The machine learning technique did not outperform the traditional methods, even though the data-driven approaches allow for more flexibility. This is consistent with other mapping studies using machine-learning techniques [21, 22]. Additionally, controlling for age and sex did not enhance the performance of the machine learning technique, likely because the complexity of variable interactions is already taken into account. Some research has indicated that age and sex may not be statistically significant [34]. However, since age is statistically significant at the 5% level and some of our traditional models included the optimal MM model, we still include it in our algorithm. Sex is only significant at the 10% level in some of our models using traditional methods, but we have also included it because they are commonly included in mapping studies [19, 22, 34], can increase precision for our prediction, and we are not sure if the gender difference will affect the responses to WHOAS and AQoL-4D disproportionally in other data. It should also be noted that the sex variable in our data is a binary variable consisting of female and male. Newer surveys are likely to allow individuals to classify themselves in other categories. Future studies should explore whether gender classifications with more identity choices will impact the precision of the results.

We found that different models and methods predicted different subgroups better. We recommend using MM in model 2 to estimate utilities for a population with different disability levels or people with disability but no specific restrictions. GLM with the log function and gamma family, Beta regression method, and SVM in model 1 are recommended for sensitivity analysis if the sample is concentrated on people with profound/severe, moderate or school/employment, and mild restrictions, respectively. Researchers could use the algorithms and STATA codes provided in the ESM to perform additional sensitivity analysis.

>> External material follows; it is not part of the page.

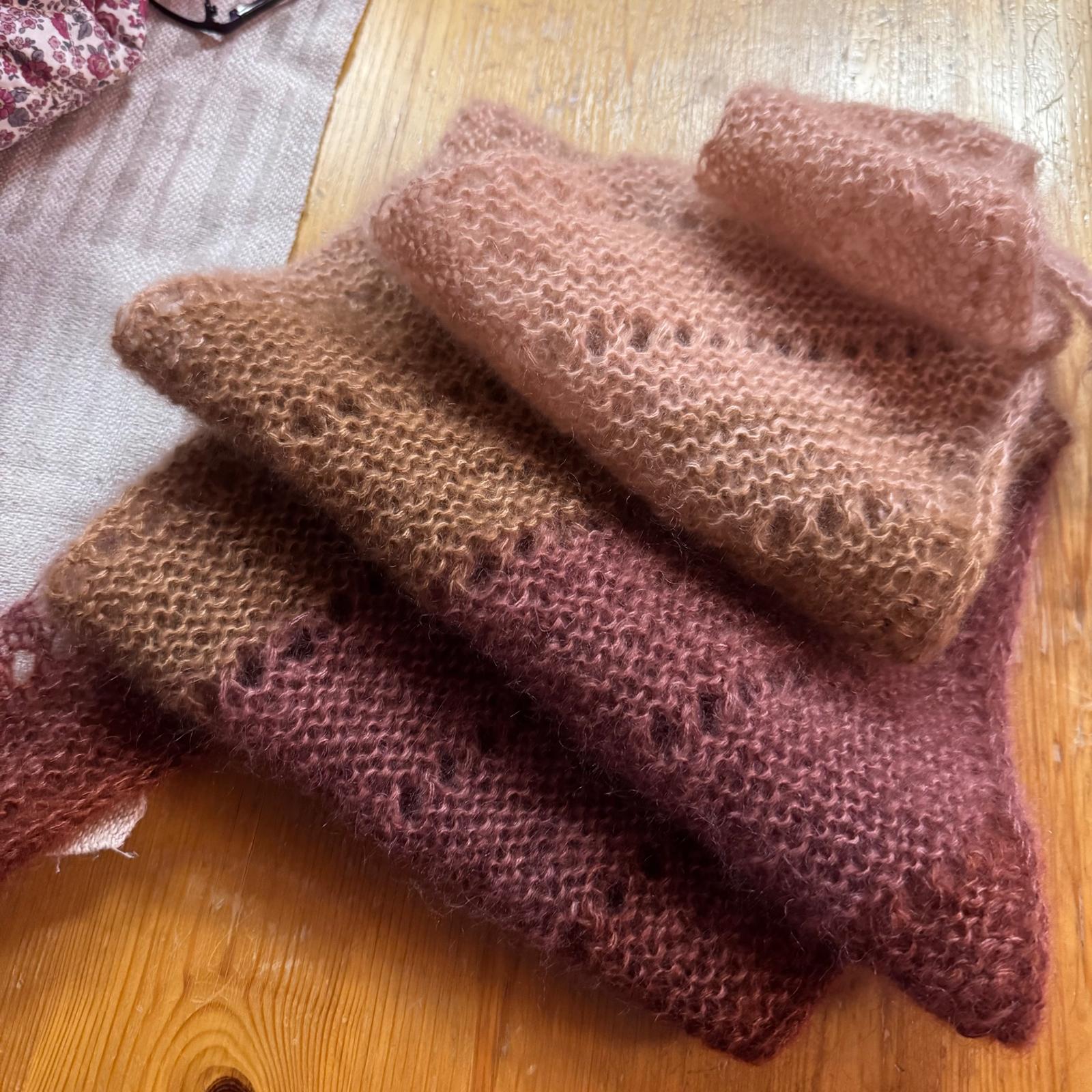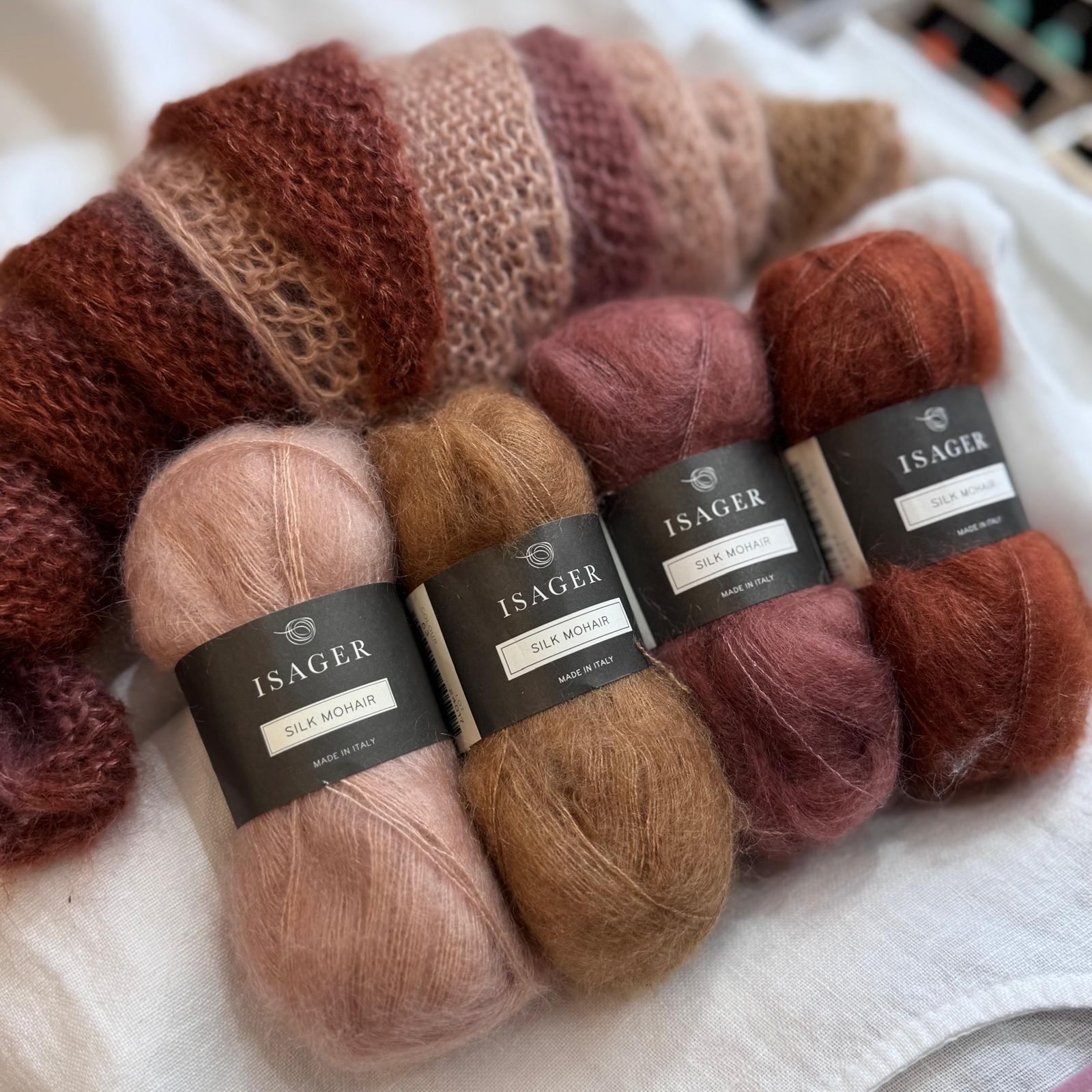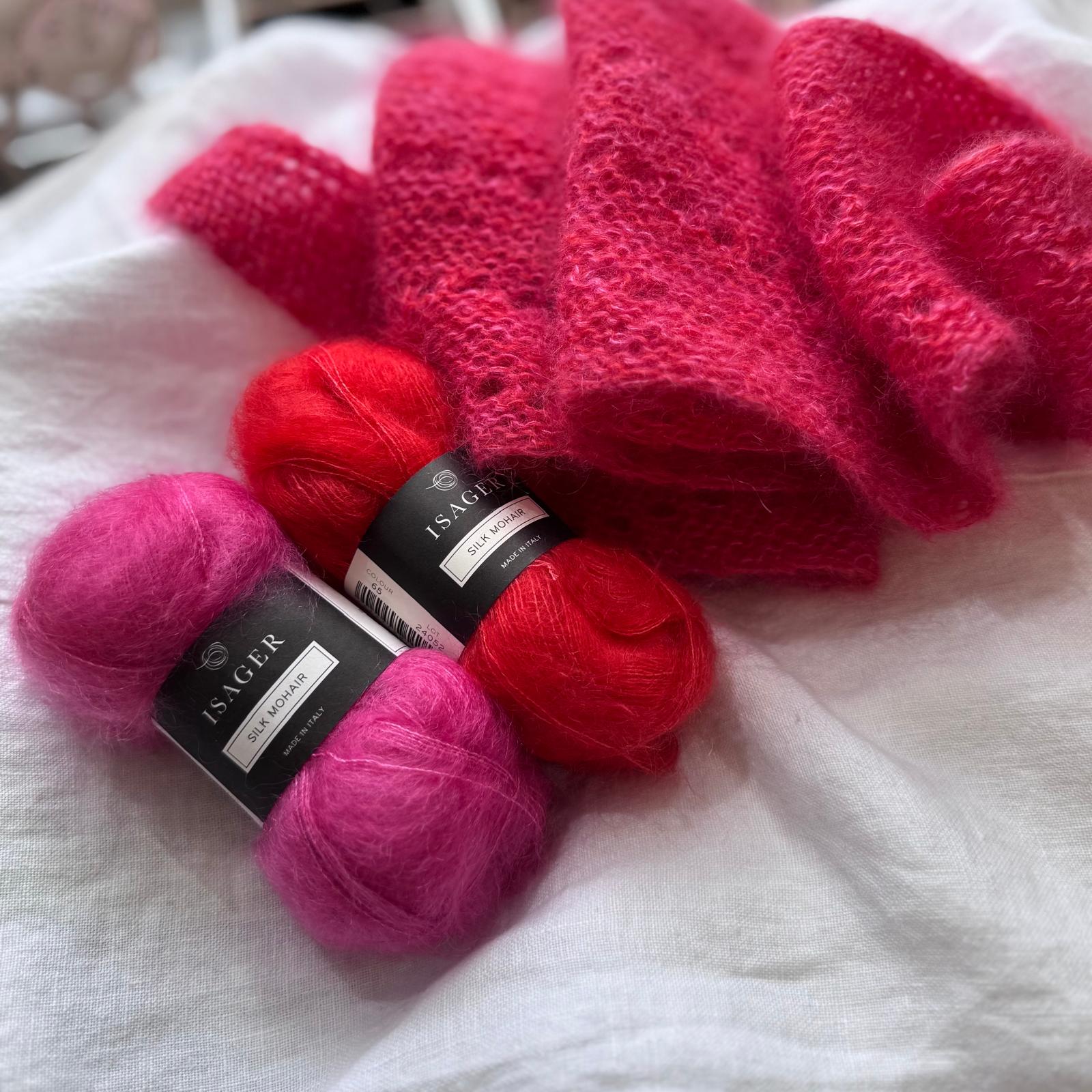 Hissukkahuivi on suunniteltu erityisesti pörröisille ja kevyille langoille, kuten kaksinkertaiselle silkkimohairille tai muulle vastaavalle ylelliselle kuidulle. Lopputulos on:

Unique items were identified in our concept mapping process for WHODAS and AQoL-4D, and these items are more likely to require combining levels to achieve monotonic correlation. For example, items related to cognition that were only asked in WHODAS required level combining and an item in WHODAS asking about dealing with unknown people was dropped due to positive correlation. This suggests that the relationship question in WHODAS was focused on a different type of relationship compared to AQoL-4D, which emphasises relationships with friends and family. It highlights the importance of considering the algorithm’s applicability when evaluating interventions.

Several limitations to this study should be acknowledged. The model performance of the study was validated using five-fold cross-validation but with data from the same study sample. Since the mapping is a data-driven exercise, the choice of response sample could affect the calibration of the mapping algorithm. Ideally, in the future, validation will also be possible using an external dataset. The second limitation of the study is that the predicted AQoL-4D utilities under-predict the highest utilities. This is a commonly reported limitation in many mapping studies [33, 35]. However, because the algorithm consistently under-predicts the highest utility in each subgroup, the issue may be attenuated when comparing different groups in an economic evaluation study. The last limitation was that information about the disability types (e.g., physical, psychosocial) was not in the data. However, given the large sample size, we saw many variations in both the source and target instruments, and we were able to perform a subgroup analysis based on the restriction level of disability.

The results from this mapping study indicate that it is reasonable to map WHODAS onto the AQoL-4D utilities. The availability of this mapping algorithm will facilitate future economic evaluation for disability interventions when only the WHODAS is used.